Dataset entries:

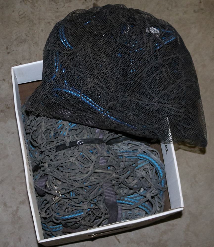 BOX OF VARIOUS SIZED CARGO BUNGEE NETS
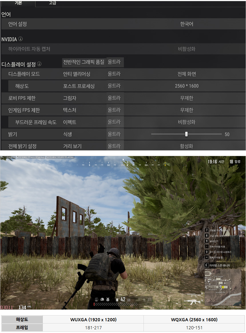 배틀그라운드를 플레이 하고 있는 모습으로 울트라 옵션 설정시 WUXGA에서 200프레임에 근접하는 높은 성능을 보여주었다. WQXGA 해상도에서는 옵션을 낮추면 100 중후반까지 프레임을 끌어 올릴 수 있다.
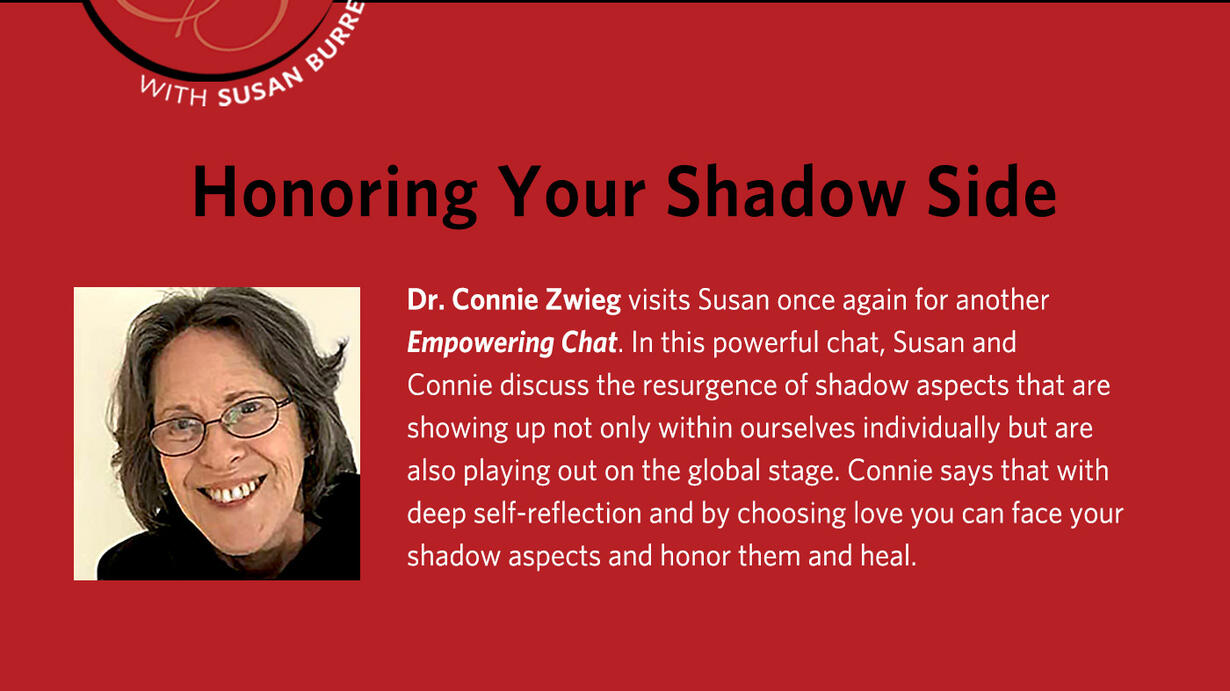 Dr. Connie Zweig, Jungian Therapist and author is once again gracing the airwaves here on Empowering Chats with Susan Burrell. I am so honored to once again be in conversation with Connie. This time to discuss shadow work.
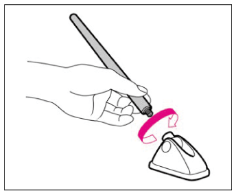 - 取り付けるときは、アンテナの根元を持ち、矢印と逆方向に回し、確実に締め付けます。
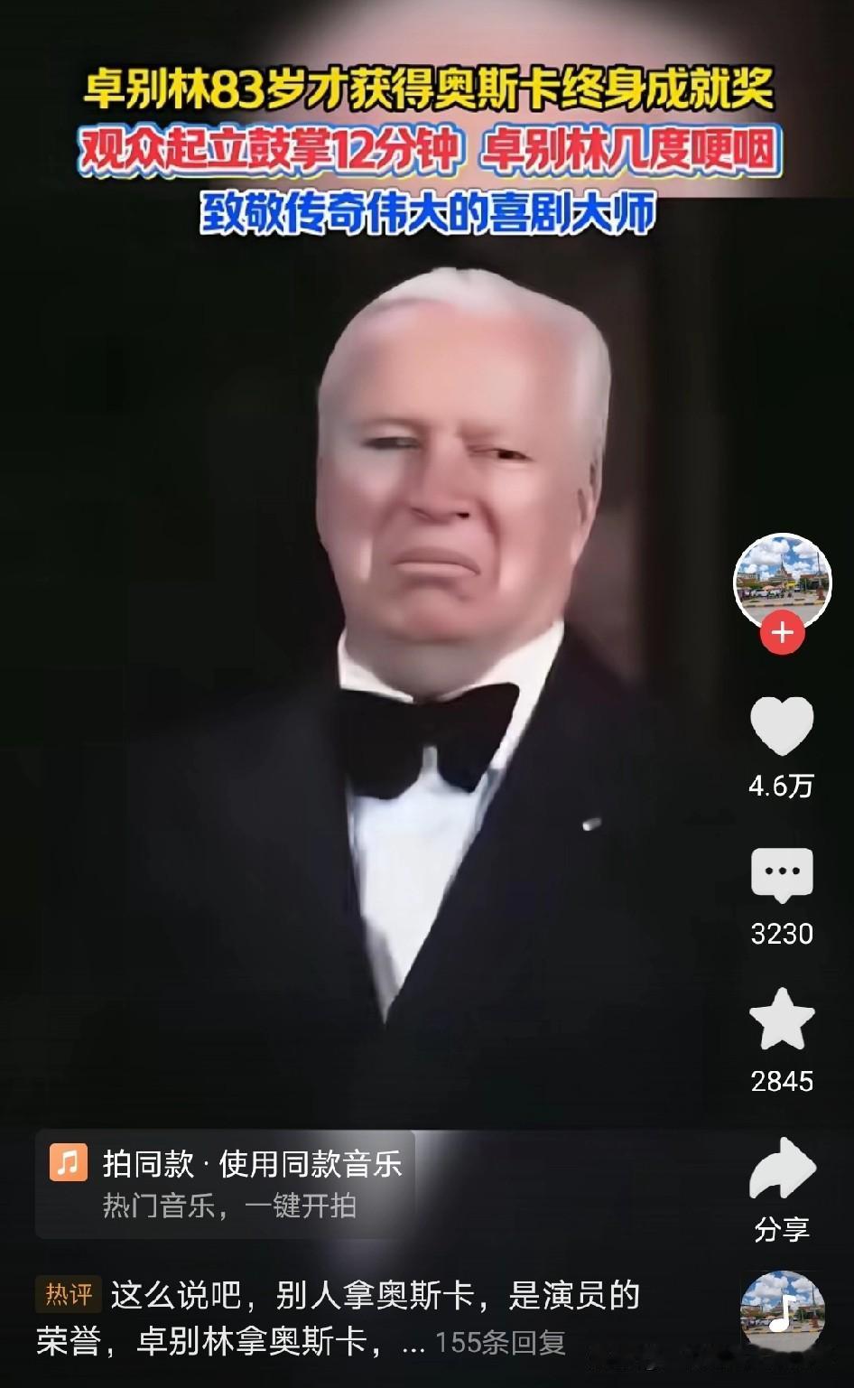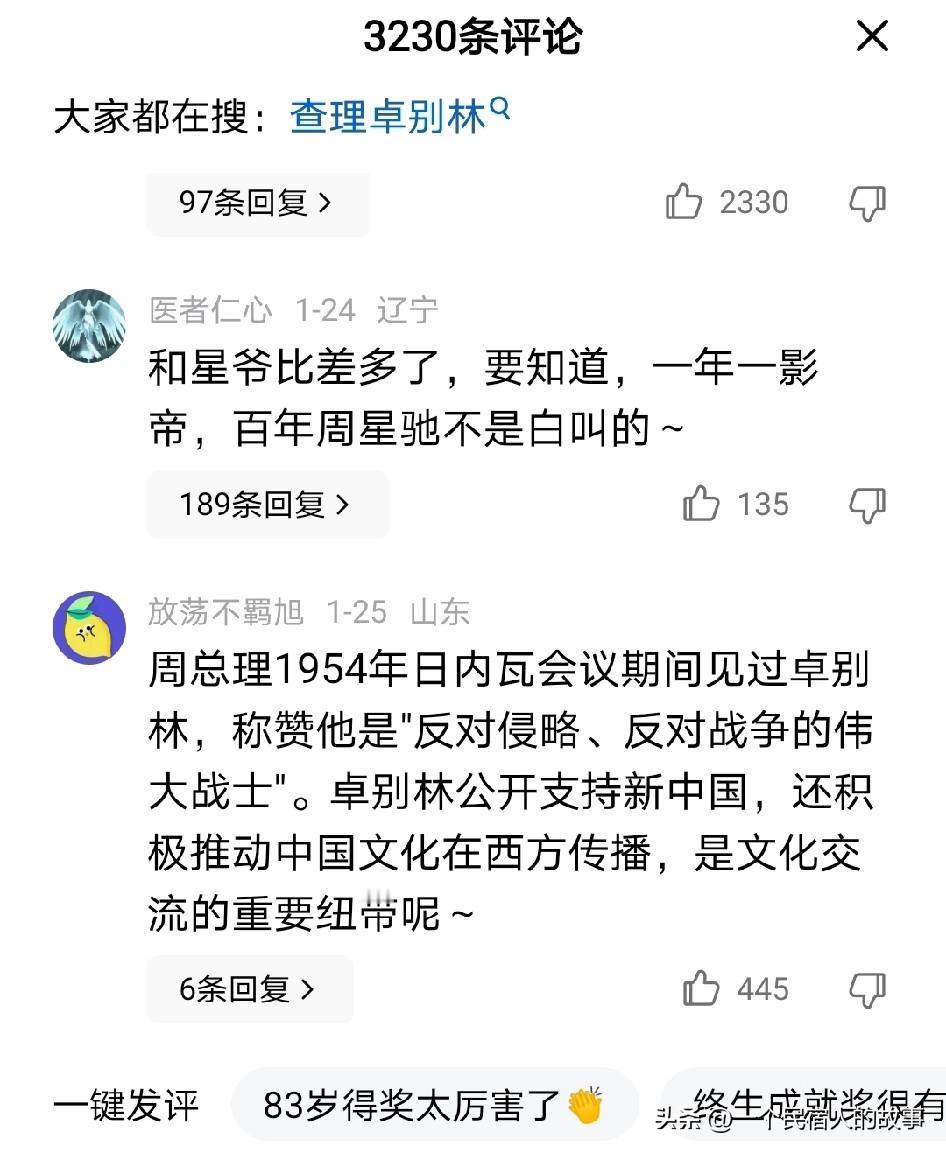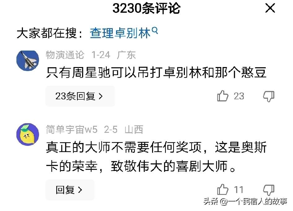 周星驰粉丝碰瓷卓别林声称:卓喜剧毫无深度周喜剧让人泪流!周吊打卓! 刚才刷头条给气笑了,刷到一个20世纪最伟大的喜剧大师卓别林晚年领奥斯卡终身成就奖的影片,结果评论区周星驰的粉丝让人笑掉大牙,不要脸文盲程度让人咋舌,说什么:周星驰吊打卓别林憨豆、卓别林和星爷比差多了,百年周星驰不是白叫的!更是声称:卓别林喜剧毫无深度只停留在好笑,而周星驰喜剧能洗涤灵魂捧腹泪流! 我都不想骂这些玩意了,当年香港台湾影评说,周的喜剧除了屎尿屁和三流伦理梗啥都没有!只有在大陆被当年北影那帮人从《大话西游》吹出了一个后现代解构主义,才被捧上天。现在他的粉丝却到处膈应人,捧一踩一。

### [About this exercise]
Return exactly the lines that appear in the data above between the line containing "배틀그라운드를 플레이 하고" and the line containing "- 取り付けるときは、アンテ", both of which are included, and leave the pictures out.

### [Response to the exercise]
 배틀그라운드를 플레이 하고 있는 모습으로 울트라 옵션 설정시 WUXGA에서 200프레임에 근접하는 높은 성능을 보여주었다. WQXGA 해상도에서는 옵션을 낮추면 100 중후반까지 프레임을 끌어 올릴 수 있다.
 Dr. Connie Zweig, Jungian Therapist and author is once again gracing the airwaves here on Empowering Chats with Susan Burrell. I am so honored to once again be in conversation with Connie. This time to discuss shadow work.
 - 取り付けるときは、アンテナの根元を持ち、矢印と逆方向に回し、確実に締め付けます。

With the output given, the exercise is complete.